Pallone Opening Remarks at Medicare Advantage Oversight Hearing
Energy and Commerce Chairman Frank Pallone, Jr. (D-NJ) delivered the following opening remarks today at an Oversight and Investigations Subcommittee hearing titled, “Protecting America’s Seniors: Oversight of Private Sector Medicare Advantage Plans:”
We are here today to conduct oversight of the Medicare Advantage program. Nearly 27 million seniors are enrolled in Medicare Advantage plans, which is run by private health insurance companies. While the program offers seniors flexibility in the way that they receive their medical care, it is important that we ensure that Medicare remains financially viable and that seniors are receiving the high-quality care they deserve.
I am deeply concerned with recent reports that seniors in private sector Medicare Advantage plans are facing unwarranted barriers to accessing timely, medically necessary care. Several studies have raised concerns that insurance companies are denying beneficiaries’ access to treatment and imposing burdensome requirements that delay care. Improper claim denials and increased use of prior authorizations are preventing beneficiaries from receiving the care they need.
While there are many plans that appear to be acting responsibly, some are not, and these bad actors are costing taxpayers money and, more importantly, jeopardizing the health of seniors. This oversight hearing is critical to ensure we are protecting the health and well-being of Medicare beneficiaries. It is also important to determine whether Medicare Advantage is providing good value for our federal dollar.
When Medicare Advantage was created, the hope was that private-sector efficiencies would reduce the cost of care for seniors. Unfortunately, that has not been the case. In fact, the Medicare Payment Advisory Commission, one of today’s witnesses, has consistently found that providing care under Medicare Advantage has cost more than under traditional Medicare.
Studies have repeatedly found that some Medicare Advantage plans, particularly the largest plans, receive greater compensation from Medicare without necessarily providing better health care services to beneficiaries. In short, some insurance companies appear to have figured out a way to game the system.
This is in large part due to the way we reimburse Medicare Advantage plans. Plans receive more money from the federal government based on various factors, including the underlying medical risks of the individuals enrolled in their plans.
To ensure they receive more money, insurance companies use tools like in-home health-risk assessments to claim that individuals on these plans have additional health conditions that their provider has not formally diagnosed them with.
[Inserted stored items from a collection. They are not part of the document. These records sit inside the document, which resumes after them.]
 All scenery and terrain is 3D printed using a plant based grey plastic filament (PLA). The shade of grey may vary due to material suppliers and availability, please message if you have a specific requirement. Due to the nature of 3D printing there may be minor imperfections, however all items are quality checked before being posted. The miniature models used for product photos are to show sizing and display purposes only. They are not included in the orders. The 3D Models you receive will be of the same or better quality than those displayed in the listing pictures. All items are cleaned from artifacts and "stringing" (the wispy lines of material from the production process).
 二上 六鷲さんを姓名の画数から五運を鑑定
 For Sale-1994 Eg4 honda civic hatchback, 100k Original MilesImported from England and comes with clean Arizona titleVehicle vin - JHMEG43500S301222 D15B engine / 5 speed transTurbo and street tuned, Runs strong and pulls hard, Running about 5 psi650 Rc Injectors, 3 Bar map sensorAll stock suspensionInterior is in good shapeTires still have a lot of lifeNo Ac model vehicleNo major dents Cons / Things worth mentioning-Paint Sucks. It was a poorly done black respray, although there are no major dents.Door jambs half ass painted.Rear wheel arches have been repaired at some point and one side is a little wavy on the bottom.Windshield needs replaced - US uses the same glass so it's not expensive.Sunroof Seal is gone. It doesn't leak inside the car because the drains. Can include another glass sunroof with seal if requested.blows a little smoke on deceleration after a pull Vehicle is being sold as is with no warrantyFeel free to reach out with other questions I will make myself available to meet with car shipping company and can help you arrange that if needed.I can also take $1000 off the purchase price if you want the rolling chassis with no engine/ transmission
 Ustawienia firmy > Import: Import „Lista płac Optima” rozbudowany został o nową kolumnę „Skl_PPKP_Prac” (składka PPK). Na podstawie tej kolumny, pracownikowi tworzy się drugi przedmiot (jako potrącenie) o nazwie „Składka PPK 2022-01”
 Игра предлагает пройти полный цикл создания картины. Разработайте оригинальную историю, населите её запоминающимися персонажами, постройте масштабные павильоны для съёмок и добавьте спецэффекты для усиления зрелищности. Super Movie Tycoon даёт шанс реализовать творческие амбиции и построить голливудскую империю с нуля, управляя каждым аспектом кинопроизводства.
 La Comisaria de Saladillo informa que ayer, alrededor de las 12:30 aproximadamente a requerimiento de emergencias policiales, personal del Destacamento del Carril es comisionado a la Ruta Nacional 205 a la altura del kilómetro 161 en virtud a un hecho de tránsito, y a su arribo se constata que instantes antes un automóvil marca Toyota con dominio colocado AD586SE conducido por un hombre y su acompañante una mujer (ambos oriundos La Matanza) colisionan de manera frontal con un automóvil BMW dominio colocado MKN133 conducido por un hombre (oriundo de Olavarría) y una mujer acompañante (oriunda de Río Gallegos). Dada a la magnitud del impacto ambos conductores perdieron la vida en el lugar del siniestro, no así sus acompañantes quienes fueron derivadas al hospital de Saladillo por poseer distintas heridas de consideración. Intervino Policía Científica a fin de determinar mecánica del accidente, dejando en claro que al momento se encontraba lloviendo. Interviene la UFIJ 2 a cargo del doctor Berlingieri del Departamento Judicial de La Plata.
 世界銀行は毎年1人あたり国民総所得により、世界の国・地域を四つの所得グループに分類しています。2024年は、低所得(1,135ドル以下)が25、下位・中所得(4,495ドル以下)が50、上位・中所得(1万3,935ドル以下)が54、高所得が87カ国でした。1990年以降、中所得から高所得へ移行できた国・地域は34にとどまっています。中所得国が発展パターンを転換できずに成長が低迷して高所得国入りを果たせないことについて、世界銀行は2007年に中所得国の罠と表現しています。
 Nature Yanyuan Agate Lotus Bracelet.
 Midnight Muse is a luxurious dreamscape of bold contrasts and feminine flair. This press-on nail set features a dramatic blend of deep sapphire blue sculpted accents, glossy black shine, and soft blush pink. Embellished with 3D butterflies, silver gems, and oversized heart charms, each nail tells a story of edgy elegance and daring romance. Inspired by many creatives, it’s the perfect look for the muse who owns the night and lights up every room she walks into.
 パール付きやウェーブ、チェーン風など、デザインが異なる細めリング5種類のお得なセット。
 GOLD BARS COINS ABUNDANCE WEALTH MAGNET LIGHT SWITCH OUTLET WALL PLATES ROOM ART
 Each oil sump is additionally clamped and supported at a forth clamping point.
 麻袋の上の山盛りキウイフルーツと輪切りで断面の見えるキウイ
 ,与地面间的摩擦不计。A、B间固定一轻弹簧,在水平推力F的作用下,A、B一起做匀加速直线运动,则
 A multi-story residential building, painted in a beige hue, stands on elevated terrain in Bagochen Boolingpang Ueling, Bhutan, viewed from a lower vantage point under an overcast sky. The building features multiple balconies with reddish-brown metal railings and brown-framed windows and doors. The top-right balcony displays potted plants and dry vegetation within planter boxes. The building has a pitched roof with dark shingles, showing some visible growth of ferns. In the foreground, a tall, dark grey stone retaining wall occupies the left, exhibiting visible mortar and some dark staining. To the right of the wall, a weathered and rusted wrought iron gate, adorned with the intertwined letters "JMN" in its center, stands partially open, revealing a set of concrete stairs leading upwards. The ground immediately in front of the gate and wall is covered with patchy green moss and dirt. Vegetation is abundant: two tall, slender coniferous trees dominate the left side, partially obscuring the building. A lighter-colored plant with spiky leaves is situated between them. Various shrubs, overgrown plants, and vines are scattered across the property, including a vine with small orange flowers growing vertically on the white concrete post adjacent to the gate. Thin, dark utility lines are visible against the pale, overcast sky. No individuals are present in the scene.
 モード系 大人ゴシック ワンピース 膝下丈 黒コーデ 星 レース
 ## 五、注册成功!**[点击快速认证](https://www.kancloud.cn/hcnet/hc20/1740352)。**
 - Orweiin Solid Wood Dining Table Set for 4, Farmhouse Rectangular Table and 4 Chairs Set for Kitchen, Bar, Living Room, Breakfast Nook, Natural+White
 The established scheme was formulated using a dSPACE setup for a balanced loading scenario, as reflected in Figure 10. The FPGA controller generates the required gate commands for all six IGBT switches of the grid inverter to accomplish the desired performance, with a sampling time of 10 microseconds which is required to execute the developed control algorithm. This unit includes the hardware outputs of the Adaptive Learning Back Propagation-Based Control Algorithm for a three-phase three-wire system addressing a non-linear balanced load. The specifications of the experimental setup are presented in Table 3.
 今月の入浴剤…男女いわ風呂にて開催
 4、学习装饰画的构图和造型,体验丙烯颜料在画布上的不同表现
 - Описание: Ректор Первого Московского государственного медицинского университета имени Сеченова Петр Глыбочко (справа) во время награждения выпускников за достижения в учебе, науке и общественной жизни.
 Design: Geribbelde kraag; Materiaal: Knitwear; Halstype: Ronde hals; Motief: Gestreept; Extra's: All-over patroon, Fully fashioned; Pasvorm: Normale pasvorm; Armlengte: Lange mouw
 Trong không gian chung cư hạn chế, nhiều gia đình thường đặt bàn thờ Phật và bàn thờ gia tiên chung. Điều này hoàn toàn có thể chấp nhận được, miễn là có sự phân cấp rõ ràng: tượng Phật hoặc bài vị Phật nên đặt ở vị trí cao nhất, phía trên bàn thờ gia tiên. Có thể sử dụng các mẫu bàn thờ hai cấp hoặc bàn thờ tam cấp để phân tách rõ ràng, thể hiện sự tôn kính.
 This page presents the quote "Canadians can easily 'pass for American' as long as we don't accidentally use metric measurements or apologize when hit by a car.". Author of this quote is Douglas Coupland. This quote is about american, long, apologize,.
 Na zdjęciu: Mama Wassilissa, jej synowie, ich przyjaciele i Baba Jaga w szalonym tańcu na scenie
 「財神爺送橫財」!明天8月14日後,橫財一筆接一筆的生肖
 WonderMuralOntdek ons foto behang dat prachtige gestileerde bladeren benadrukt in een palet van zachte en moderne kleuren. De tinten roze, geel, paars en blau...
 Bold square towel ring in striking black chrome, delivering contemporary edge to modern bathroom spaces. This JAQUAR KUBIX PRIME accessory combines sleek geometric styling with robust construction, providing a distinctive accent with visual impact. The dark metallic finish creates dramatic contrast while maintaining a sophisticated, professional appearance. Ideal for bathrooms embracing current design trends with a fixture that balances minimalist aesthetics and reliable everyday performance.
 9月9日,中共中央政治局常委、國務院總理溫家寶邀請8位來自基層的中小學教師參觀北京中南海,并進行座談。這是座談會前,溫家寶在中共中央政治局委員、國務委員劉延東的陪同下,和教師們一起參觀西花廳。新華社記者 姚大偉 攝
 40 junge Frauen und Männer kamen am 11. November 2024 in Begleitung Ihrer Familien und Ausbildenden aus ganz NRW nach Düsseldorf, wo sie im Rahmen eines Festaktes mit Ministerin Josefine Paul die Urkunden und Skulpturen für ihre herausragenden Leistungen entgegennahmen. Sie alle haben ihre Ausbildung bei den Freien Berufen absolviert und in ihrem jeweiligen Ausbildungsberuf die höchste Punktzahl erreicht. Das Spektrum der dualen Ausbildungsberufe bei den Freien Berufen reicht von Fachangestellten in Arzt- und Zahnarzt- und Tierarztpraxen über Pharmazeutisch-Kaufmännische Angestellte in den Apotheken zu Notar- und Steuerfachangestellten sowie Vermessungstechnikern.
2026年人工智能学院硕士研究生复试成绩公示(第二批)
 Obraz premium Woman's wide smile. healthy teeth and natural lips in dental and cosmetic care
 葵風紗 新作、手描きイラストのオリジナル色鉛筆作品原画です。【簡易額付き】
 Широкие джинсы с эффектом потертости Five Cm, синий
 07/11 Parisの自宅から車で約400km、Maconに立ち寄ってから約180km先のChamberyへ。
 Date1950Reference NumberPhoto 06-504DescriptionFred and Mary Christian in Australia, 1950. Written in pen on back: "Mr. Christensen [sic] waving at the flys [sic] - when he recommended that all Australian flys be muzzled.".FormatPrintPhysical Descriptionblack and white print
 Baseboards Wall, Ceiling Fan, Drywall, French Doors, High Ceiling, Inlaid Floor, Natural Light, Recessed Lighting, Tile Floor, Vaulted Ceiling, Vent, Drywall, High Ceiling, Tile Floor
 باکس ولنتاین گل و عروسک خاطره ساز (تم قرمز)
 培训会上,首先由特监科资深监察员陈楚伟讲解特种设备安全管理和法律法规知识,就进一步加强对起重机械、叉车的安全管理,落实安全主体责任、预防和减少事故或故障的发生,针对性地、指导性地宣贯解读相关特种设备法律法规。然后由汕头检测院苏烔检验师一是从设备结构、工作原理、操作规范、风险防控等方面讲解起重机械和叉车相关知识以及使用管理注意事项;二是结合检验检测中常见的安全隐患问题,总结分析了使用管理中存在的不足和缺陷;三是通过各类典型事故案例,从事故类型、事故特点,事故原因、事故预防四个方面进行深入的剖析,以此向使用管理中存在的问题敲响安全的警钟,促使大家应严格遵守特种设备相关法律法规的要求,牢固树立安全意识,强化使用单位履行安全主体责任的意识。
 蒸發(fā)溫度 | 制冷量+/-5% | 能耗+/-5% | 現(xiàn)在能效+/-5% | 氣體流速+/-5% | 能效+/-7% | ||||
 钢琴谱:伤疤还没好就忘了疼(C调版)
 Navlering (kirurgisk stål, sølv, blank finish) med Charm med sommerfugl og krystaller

This allows the plans to claim that beneficiaries are in riskier health and therefore the plans receive more funding from Medicare.
But, as today’s witnesses will help explain, those new diagnoses do not always reflect reality. Additionally, seniors that receive these new diagnoses from insurance companies rather than their doctors do not always then receive health care services for those diagnoses.
This phenomenon is called coding intensity, and it suggests that some plans are focusing their efforts on finding ways to pad their profits rather than ensure seniors are receiving appropriate care. We will hear a great deal about coding intensity today and what can be done to put a stop to it.
One benefit to enrollees under the Medicare Advantage program is that plans can use portions of their funding to provide supplemental benefits beyond what traditional Medicare offers. These supplemental benefits can include transportation to and from appointments, nutrition planning, memberships for fitness centers, or dental coverage.
These supplemental benefits can certainly provide real positive impacts for seniors. But there has not been any meaningful accounting about whether or not seniors are actually using these services and if their usage correlates to the additional money insurance companies are being paid.
As Medicare payments for these supplemental benefits continue to increase, we must better understand if they are helping seniors and whether they are being delivered at a reasonable cost. We simply need more transparency and reliable data from the insurers to make sure that taxpayer funds are benefiting seniors and not the insurers.
America’s seniors expect and deserve high quality health care, and we must ensure that is what they are receiving. I thank the witnesses for being here today as we conduct important oversight of the Medicare Advantage program.